Take $V = \Omega^p(M)$ and $\langle \alpha,\beta\rangle = \int_M \alpha \wedge \star \beta$. Now, forget that $V$ and $\langle\cdot,\cdot\rangle$ is defined thanks to a Riemannian manifold $(M,g)$ and just look at its structure: it is a vector space with an inner product.
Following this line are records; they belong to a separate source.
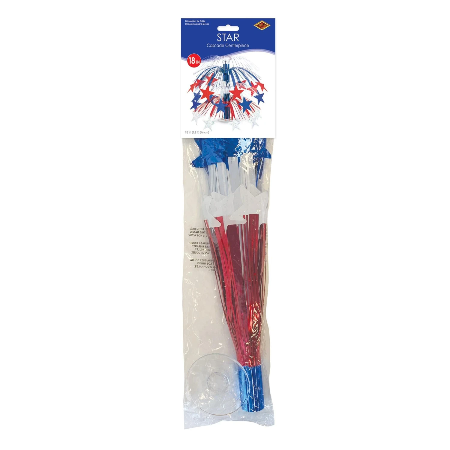 Details: Need a centerpiece for the tables at your 4th of July party? Well here you go! This red white and blue centerpiece is exactly what you need. It stands 18 inches tall. Size: 18 Inch. Individually packaged: (1/package). Pieces/packages per Case: 6.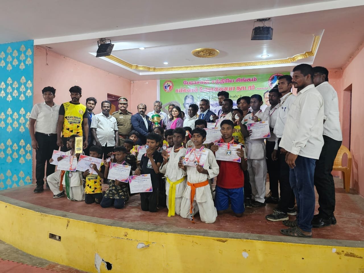 இதில் பெருங்குளம் பேரூராட்சி முன்னாள் தலைவர் சிவக்குமார் போட்டியை தொடங்கி வைத்தார். இந்த போட்டிக்கு சுமார் 300க்கும் மேற்பட்ட சிலம்பம் மற்றும் கராத்தே மாணவர்கள் பங்கேற்றனர்.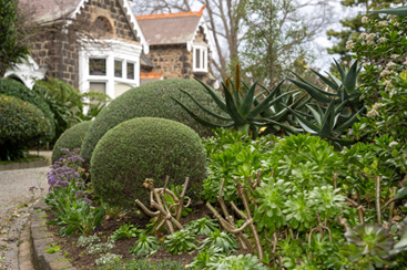 The plants mix well to dress the house well but the tree ferns are the stars of the space, providing a canopy for the thriving front garden under planting.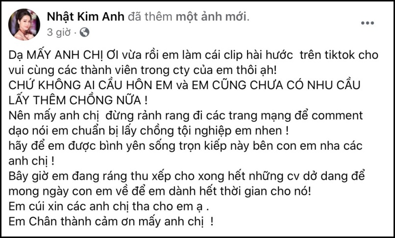 Vừa qua, Nhật Kim Anh đã có một chia sẻ gây chú ý trên trang cá nhân, liên quan đến chuyện tình cảm riêng tư của mình.

Hence, for this inner product $\|\alpha\|$ is a number.
If you really want to think of this construction as a Riemannian manifold, like in the first paragraph, then $\|\alpha\|$ will be a function:
$$
\|\alpha\| : \beta \in \Omega(M)^p \mapsto \|\alpha\|(\beta) = \|\alpha\|\in \mathbb{R}
$$
which is constant and does not take points of $M$ as entries.
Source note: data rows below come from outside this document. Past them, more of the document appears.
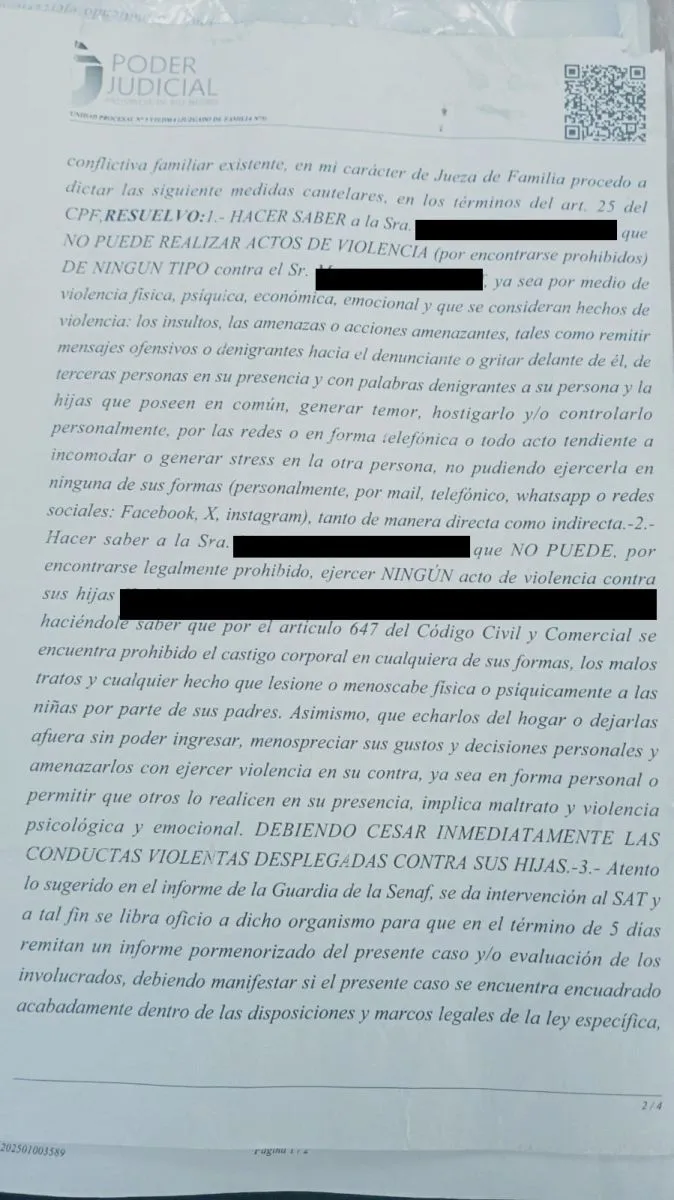 "También hice una denuncia porque ella empezó a escribir cosas contra mi persona en redes sociales. Hay medidas que dispuso la jueza, también la denuncia que hice yo por el escrache en redes sociales fue desestimada. Nadie hace nada. Ella tiene las mismas medidas que yo, las está incumpliendo todas, se puede comprobar, es fácil de comprobar, y la Justicia no hace nada”, siguió.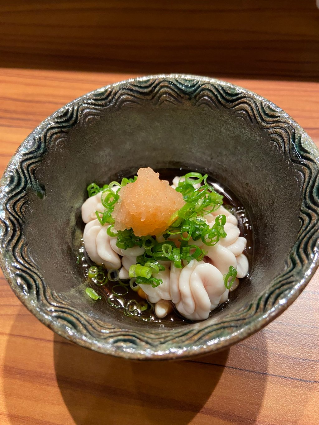 铜锣湾京都おでん雅的白子配柚子醋。摄影:苏珊·荣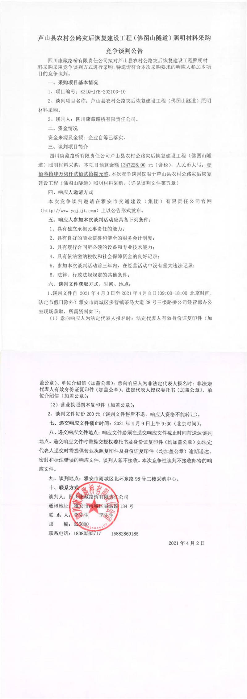四川康藏路橋有限責(zé)任公司蘆山縣農(nóng)村公路災(zāi)后恢復(fù)建設(shè)工程(佛圖山隧道)照明材料采購(gòu)競(jìng)爭(zhēng)談判公告

Comment: if you really do not understand what I said, here is just a question for you: for $x \in M$, how would you define $\left(\int_M \alpha\wedge \star \beta\right)(x)$?
This is the exact same thing as this question: how would you define $\left(\int_0^1 t^2 \mathrm{d}t\right)\left(\frac{1}{2}\right)$?
Best Answer
If $T$ and $S$ are type $(r,s)$ tensor fields on a pseudo-Riemannian manifold $(M,g)$, then $$\langle T,S\rangle = \sum g_{i_1k_1}\cdots g_{i_rk_r} g^{j_1\ell_1}\cdots g^{j_s\ell_s}T^{i_1\cdots i_r}_{\phantom{i_1\cdots i_r}j_1\cdots j_s}S^{k_1\cdots k_r}_{\phantom{k_1\cdots k_r}\ell_1\cdots \ell_s}.$$This is a definition (easily seen to be coordinate-independent). If the metric is positive and we have fixed a local orthonormal frame $(e_i)_{i=1}^n$ (and hence a metrically equivalent coframe $(\theta^i)_{i=1}^n$), then:
If you have an orthonormal frame, then $$\langle \nabla X, \nabla X\rangle = \sum \delta_{si}\delta^{tj} (\nabla X)^s_t(\nabla X)^i_j = \sum [(\nabla X)^i_j]^2,$$but what is $(\nabla X)^i_j$? By orthonormal expansion, we have that $\nabla_{e_j}X = \sum \langle \nabla_{e_j}X, e_i\rangle e_i$, so $(\nabla X)^i_j = \langle \nabla_{e_j}X,e_i\rangle$, and we can plug this into the above formula to get $$\begin{align} \langle \nabla X, \nabla X\rangle &= \sum [(\nabla X)^i_j]^2 = \sum \langle \nabla_{e_i}X,e_j\rangle \langle \nabla_{e_j}X,e_i\rangle \\ &= \sum \left\langle \nabla_{e_j}X, \sum\langle \nabla_{e_j}X,e_i\rangle e_i\right\rangle = \sum \langle \nabla_{e_j}X,\nabla_{e_j}X\rangle\end{align}$$
A $2$-form $\omega$ is just a very particular type $(0,2)$ tensor field, so $$\langle \omega,\omega\rangle = \sum g^{ik}g^{j\ell}\omega_{ij}\omega_{k\ell}$$and that's it. The covariant derivative $\nabla\omega$ is a type $(0,3)$ tensor field, so all of the above applies, and we have $$\langle \nabla \omega, \nabla \omega\rangle = \sum g^{ir}g^{js}g^{kt}\omega_{ij;k}\omega_{rs;t}.$$Particularizing this, we have $$\langle \nabla \omega,\nabla\omega\rangle = \sum \delta^{ir} \delta^{js}\delta^{kt} \omega_{ij;k}\omega_{rs;t} = \sum [\omega_{ij;k}]^2,$$but what is $\omega_{ij;k}$? By orthonormal expansion again, we have that $$\nabla_{e_k}\omega = \sum \langle \nabla_{e_k}\omega, \theta^i \otimes \theta^j\rangle \theta^i\otimes \theta^j,$$so $\omega_{ij;k} = \langle \nabla_{e_k}\omega, \theta^i\otimes \theta^j\rangle$, leading to $$\begin{align} \langle \nabla \omega, \nabla \omega\rangle &= \sum [\omega_{ij;k}]^2 = \sum \langle \nabla_{e_k}\omega, \theta^i\otimes \theta^j\rangle \langle \nabla_{e_k}\omega, \theta^i \otimes \theta^j\rangle \\ &= \sum \left\langle \nabla_{e_k}\omega, \sum\langle \nabla_{e_k}\omega, \theta^i\otimes \theta^j\rangle \theta^i\otimes \theta^j\right\rangle =\sum \langle \nabla_{e_k}\omega, \nabla_{e_k}\omega\rangle.\end{align}$$
Let me know if you want me to be more careful with the bounds of summation, I was just using Einstein's convention in my mind (which apparently you're familiar with). If you want to consider the inner product induced in the exterior algebra as opposed to the tensor algebra, all of this should work the same (but you pay the price either with a $(\deg \omega)!$ somewhere or restricting the sum to increasing indices --- I'll let you pick your poison there).